* WORK TO COMPLETE
Each line of the data must be written out again verbatim; no image belongs in the copy.

═════ STORED DATA

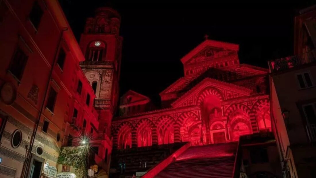 L’amministrazione comunale di Amalfi, guidata dal sindaco Daniele Milano, ha deciso di rinnovare ancora una volta il messaggio contro ogni forma di violenza, di sudditanza psicologica o di sottomissione economica, attraverso il monumento simbolo della città e della Costiera Amalfitana, vale a dire la Cattedrale di Sant’Andrea, riconosciuta in tutto il mondo: le arcate, la facciata, le scale si colorano di rosso, in una sintesi visiva dell’urlo del dolore per scardinare le coscienze.
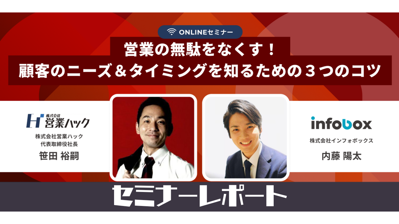 今回のテーマは「顧客のニーズとタイミングの知り方」。売れる営業は、「今なら売れる」「この人なら売れる」という確信を得る手段を持ち合わせています。それは一体何なのか。どのようにして顧客のニーズとタイミングを知っているのか、営業のプロ2名が徹底解説させていただきました!
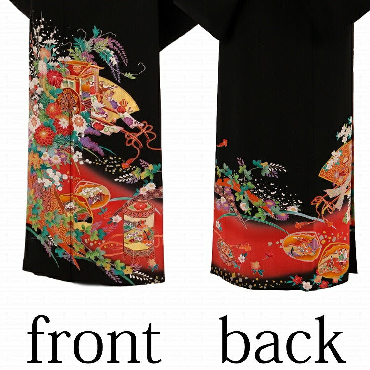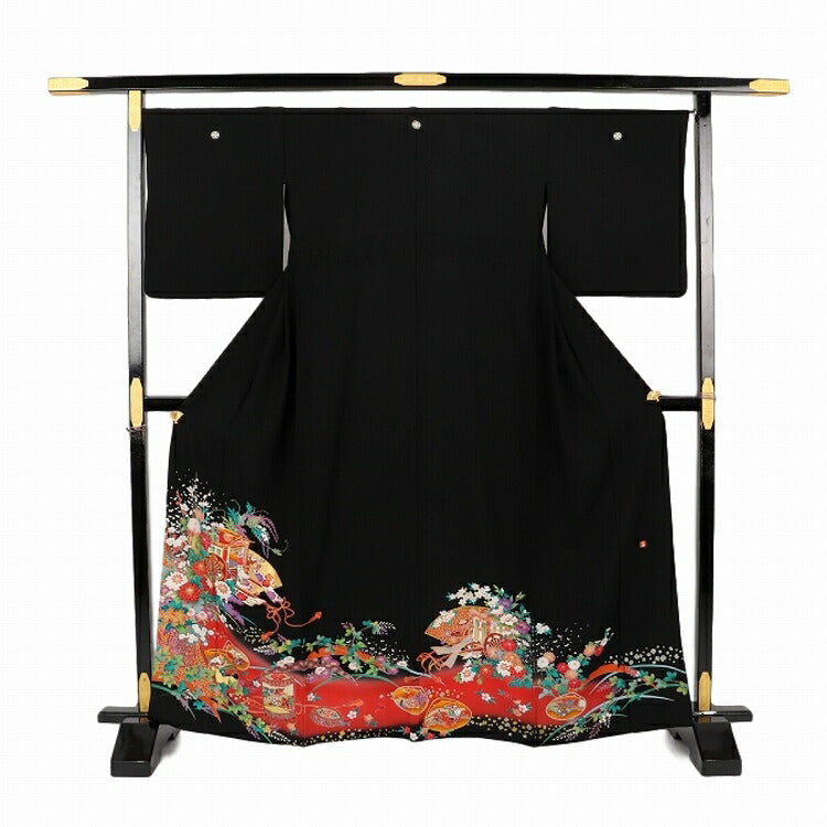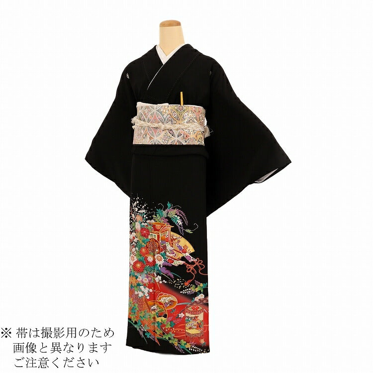結婚式 黒留袖 レンタル 夏用 単衣 おすすめ Mサイズ 赤花御所車貝桶 正絹 留袖 レンタル 留袖レンタル 黒留袖レンタル 【レンタル】 結婚式 単衣 母親 20代 30代 40代 50代 60代
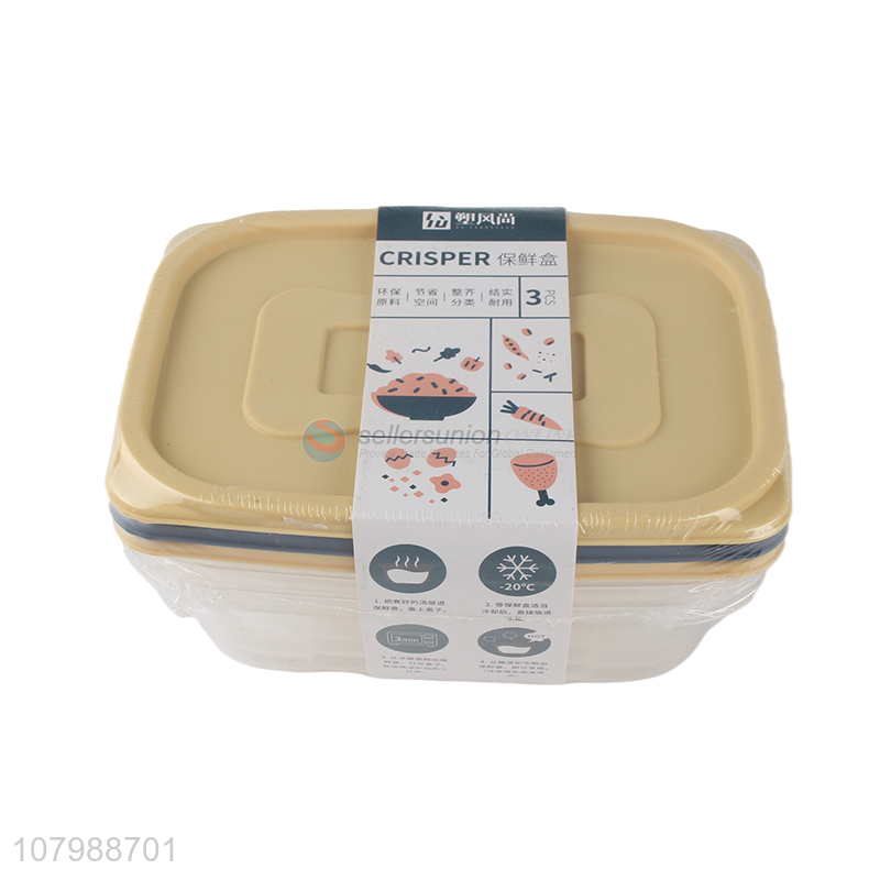 Low price 3 pieces rectangular plastic food crisper eco-friendly food fresh box

══════════

* ANSWER TO THIS EXERCISE
 L’amministrazione comunale di Amalfi, guidata dal sindaco Daniele Milano, ha deciso di rinnovare ancora una volta il messaggio contro ogni forma di violenza, di sudditanza psicologica o di sottomissione economica, attraverso il monumento simbolo della città e della Costiera Amalfitana, vale a dire la Cattedrale di Sant’Andrea, riconosciuta in tutto il mondo: le arcate, la facciata, le scale si colorano di rosso, in una sintesi visiva dell’urlo del dolore per scardinare le coscienze.
 今回のテーマは「顧客のニーズとタイミングの知り方」。売れる営業は、「今なら売れる」「この人なら売れる」という確信を得る手段を持ち合わせています。それは一体何なのか。どのようにして顧客のニーズとタイミングを知っているのか、営業のプロ2名が徹底解説させていただきました!
結婚式 黒留袖 レンタル 夏用 単衣 おすすめ Mサイズ 赤花御所車貝桶 正絹 留袖 レンタル 留袖レンタル 黒留袖レンタル 【レンタル】 結婚式 単衣 母親 20代 30代 40代 50代 60代
 Low price 3 pieces rectangular plastic food crisper eco-friendly food fresh box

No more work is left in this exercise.